Prima di scrivere questo pezzo ho fatto una scorsa dei risultati che restituiscono i motori di ricerca sul Principio Olografico, giusto per curiosità. Ne è uscito un quadro desolante; da chi suggerisce che siamo tutti ologrammi alla medicina quantistica (roba di ciarlatani creata per i beoti). Ben pochi hanno descritto il modello e ancora meno (forse un paio sparsi nella profondità suggerita dal ranking SEO) hanno scritto che si tratta solo di un modello descrittivo. Cercherò ora di aggiungere il mio sussurro al loro, giusto per farli sentire un po’ meno soli.

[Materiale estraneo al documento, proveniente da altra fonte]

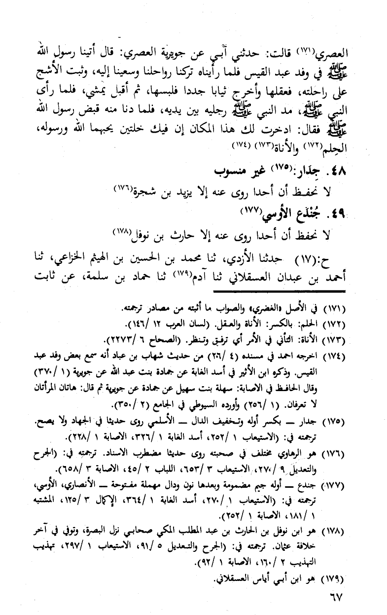 §49 - جُنْدَعٌ الْأَوْسِيُّ لَا نَحْفَظُ أَنَّ أَحَدًا رَوَى عَنْهُ إِلَّا حَارِثُ بْنُ نَوْفَلٍ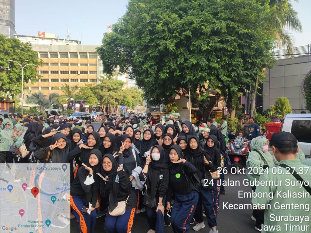 Yo, gengs! Sabtu pagi yang cerah, SMA Mujahidin Surabaya kirim 50 siswi keren-keren dari kelas X, XI, dan XII buat ikut jalan sehat peringatan Hari Santri.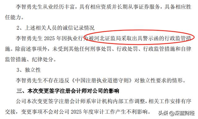 深蓝财经还注意到,就在年报公布前,为航天宏图提供审计服务的审计机构深圳久安会计师事务所,突然更换了签字会计师。而且,新任签字会计师李智勇,曾在2025年因执业行为被河北证监局采取出具警示函的行政监管措施。这次临时换人,颇有些耐人寻味。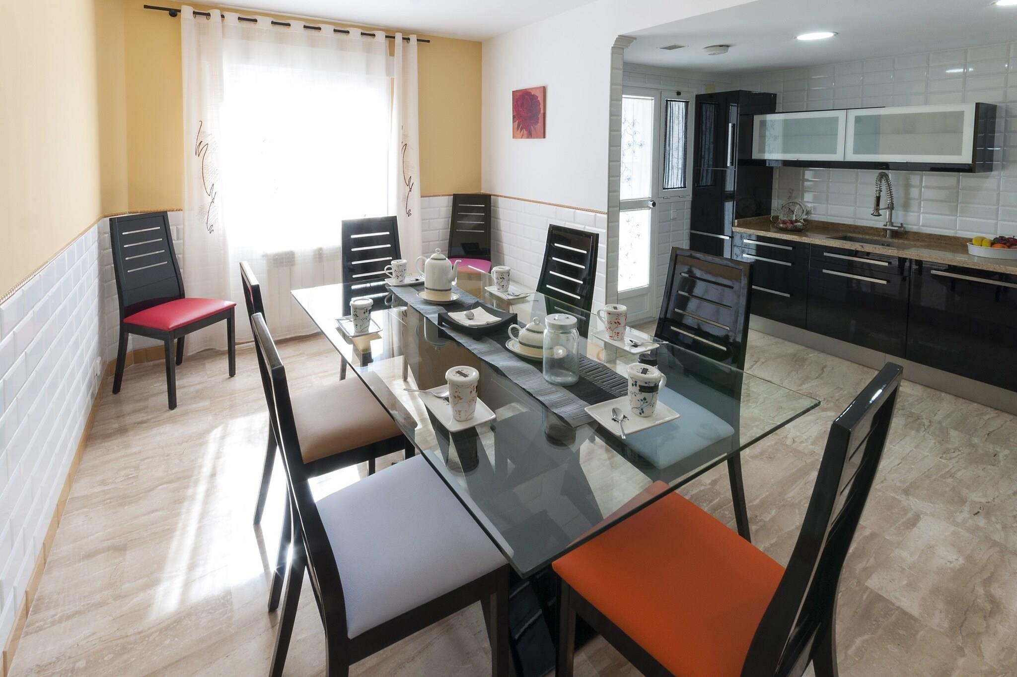 Het prachtige uitzicht over de urbanisatie en de bergen vanaf het privéterras is geweldig. Zij zorgen ervoor dat onze gasten even de tijd nemen voor een rustige koffie door het plan van de dag te organiseren. Dat is natuurlijk niets anders dan genieten van het strand of het fantastische verwarmde chloorzwembad van het gebouw, van ongeveer 10 x 5 meter en een diepte tussen 1 en 1,70 meter, dat tevens beschikt over een geïntegreerde jacuzzi die tot 30ºC verwarmt. Het appartement, gelegen op de derde verdieping met lift en van uitstekende kwaliteit, heeft een grote woonkamer, open naar de eetkamer, waar iedereen na een heerlijke maaltijd samen kan ontspannen tijdens het kijken naar een film of een interessante serie. De keuken, pure luxe, is voorzien van een inductiekookplaat, RVS apparatuur, veel opbergruimte en een tafel met stoelen voor het geval je hier liever eet. De wasruimte beschikt over een wasmachine, strijkijzer en strijkplank. Op dezelfde verdieping hebben ze een badkamer met douche en twee slaapkamers, één met twee eenpersoonsbedden en een kledingkast, en de andere met twee stapelbedden. Via de trap bereikt u de bovenverdieping waar zich nog drie slaapkamers bevinden met een tweepersoonsbed, kledingkast en toegang tot een prachtig terras. Eén ervan heeft een en-suite badkamer met een bubbelbad. Daarnaast is er nog een badkamer met een hydromassagedouche. Als u met een baby verblijft, zetten wij een kinderbedje en een kinderstoel voor u klaar. Wat de airconditioning betreft, deze is perfect voor elk moment van het jaar, aangezien er airconditioning via kanalen en centrale verwarming op gas aanwezig is. Het vissersdorp Grao de Gandía, gelegen nabij de haven, is het hele jaar door de ideale bestemming om langs de promenade te wandelen, 3 km parallel aan de kust, waarbij u kunt profiteren van het milde klimaat en het aantal winkels zoals ijssalons, restaurants, cafés en visrestaurants. Of u kunt van de gelegenheid gebruik maken om uw handdoek uit te spreiden op het fijne zandstrand en een lekker bad te nemen. Opmerking: deze huuraccommodatie accepteert geen klanten jonger dan 30 jaar, behalve in gevallen waarin het om een ??gezinsverblijf gaat. We hebben kopieën van het identiteitsbewijs van elke persoon nodig om de reservering te kunnen accepteren. Voor eventuele extra kosten kunt u contact opnemen met de adverteerder. Houd er rekening mee dat de sleutels voor toegang tot de accommodatie in een brievenbus bij een nabijgelegen tankstation liggen. Drie dagen voor aankomst ontvangt u de coördinaten van het tankstation en de mailboxgegevens. Wij accepteren geen huisdieren. Het vieren van evenementen is niet toegestaan. Afstanden Strand: 0,5 km - Platja de Gandia Luchthaven: 78,2 km - Valencia Golfbaan: 17,5 km - Oliva Nova Golf Stad: 0,01 km - Grao de Gandia Treinstation: 0,6 km - Grao de Gandia Bushalte: 0,2 km - Grao de Gandia Veerboot: 42 km - Denia Ziekenhuis: 4,8 km - Gandia Toeristenvergunning: AT-43588-V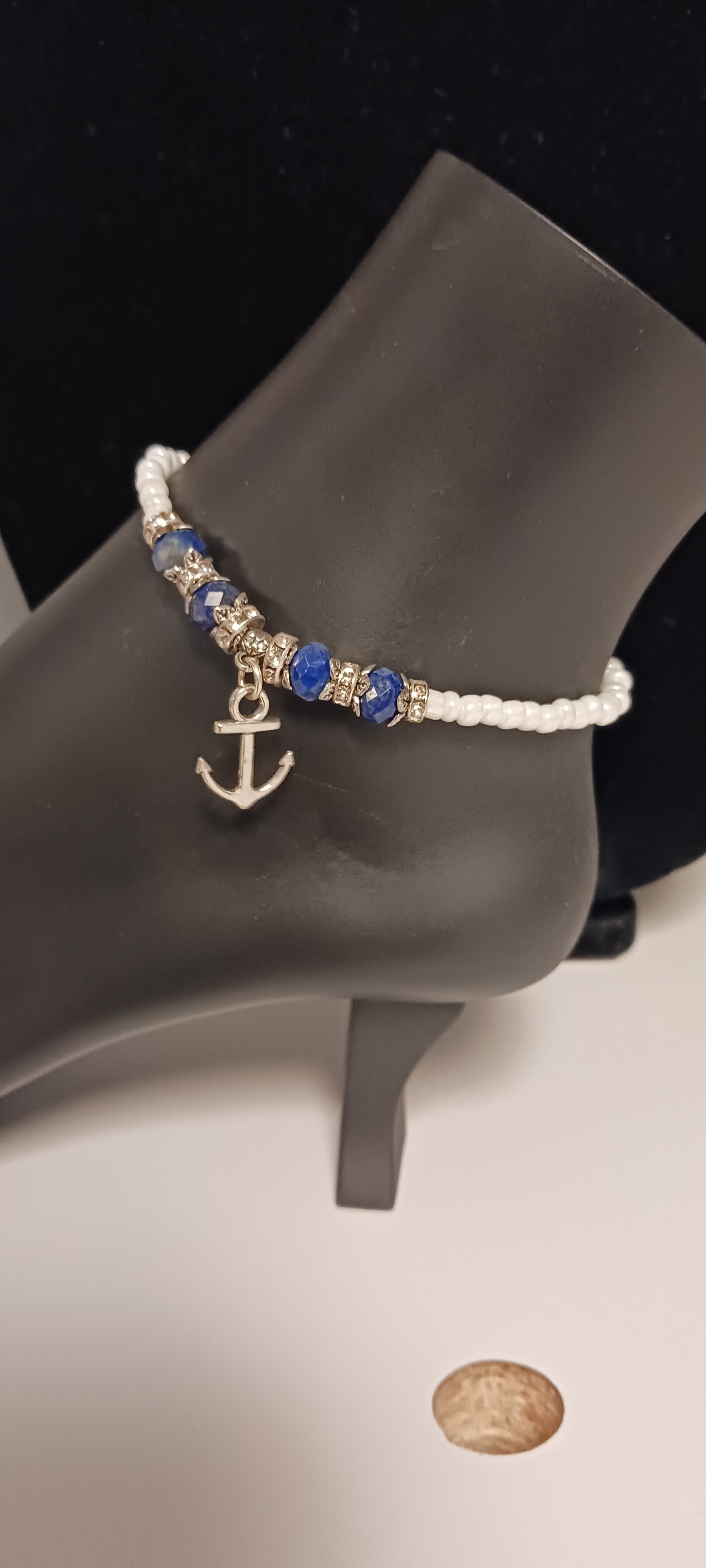No clasps, it's stretchy and indestructable. Each one is a one of a kind and handcrafted anklet with etched faceted stone beads and a ship/boat anchor charm. All beads are all ceramic, stone and glass. Approximately 8".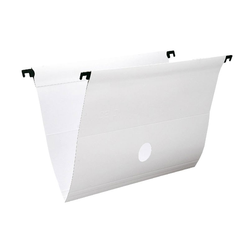 Pasta Suspensa DelloPlus Branca 0099 em cartão altamente resistente plastificado, com haste plástica, siro, etiqueta, e grampo plástico. Com posições para visor e etiqueta. Abas coladas internamente para melhor acabamento do produto.

Essenzialmente il mezzo più immediato e naturale che usiamo per descrivere il mondo che circonda è dato dalla vista. Essa però restituisce unicamente un’immagine bidimensionale della realtà, esattamente come fanno anche una fotografia o un quadro. Ci viene in soccorso la percezione della profondità spaziale, dove la terza dimensione emerge grazie all’effetto prospettico che fa apparire più piccole e distorte le immagini sullo sfondo rispetto a quelle in primo piano. L’unico mezzo veramente efficace che abbiamo per cercare di rappresentare correttamente la realtà è la matematica, anche se essa appare spesso controintuitiva.

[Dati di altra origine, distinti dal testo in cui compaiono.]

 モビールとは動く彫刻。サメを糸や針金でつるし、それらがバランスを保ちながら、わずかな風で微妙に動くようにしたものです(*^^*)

Ripetendo in parte ciò che ho detto in altre occasioni, l’Uomo ha sempre cercato di dare una spiegazione convincente a tutto quello che lo circonda, che per brevità di termine chiamiamo realtà. Ad esempio, la scoperta delle stagioni, il costante ripetersi ogni anno delle diverse levate eliache e i cicli lunari sono culminati nell’invenzione del calendario, che nelle sue varie interpretazioni e definizioni, ha sempre accompagnato l’umanità. Eppure esso in astratto non è che un modello, grossolano quanto si vuole, ma che consente di prevedere quando sarà la prossima luna nuova o l’astro Sirio allo zenit a mezzanotte.
Anticamente anche le religioni erano modelli più o meno astratti che avevano il compito di spiegare ad esempio, i fulmini, le esondazioni, le maree, il giorno e la notte, etc.
Oggi sappiamo che i fulmini sono una scarica elettrica, che il giorno e la notte sono la conseguenza della rotazione terrestre e che le esondazioni avvengono perché da qualche altra parte piove.
Abbiamo teorizzato per secoli una cosmologia geocentrica e solo più tardi quella eliocentrica, quando abbiamo capito che la prima era sbagliata. Abbiamo accarezzato per un breve periodo l’idea galattocentrica prima di apprendere che le galassie erano più di una e il Sole era solo una comune stellina grossomodo a metà strada fra il centro e la periferia della Via Lattea, e abbiamo anche creduto ad un universo statico prima di scoprire che l’Universo si espandeva in dimensioni.
Anche tutti questi erano modelli e modelli pensati su altri modelli dati per sicuri finché non venivano dimostrati sbagliati. E questo vale anche per i modelli attuali e le teorie fino ad oggi considerate certe.

L’orizzonte degli eventi.

raggioSchwarzschild=(2GMc2)
Il raggio dell’orizzonte degli eventi di un buco nero è restituito da questa formula matematica che stabilisce l’equilibrio tra gravità e velocità della luce.  Esso esiste solo teoricamente perché si suppone che l’oggetto che ha dato origine al buco nero abbia avuto con sé un certo momento angolare che poi si è conservato.
Infatti, per descrivere matematicamente un buco nero reale si usa una metrica leggermente diversa che tiene conto anche del campo elettromagnetico e del momento angolare: quella di Kerr-Newman.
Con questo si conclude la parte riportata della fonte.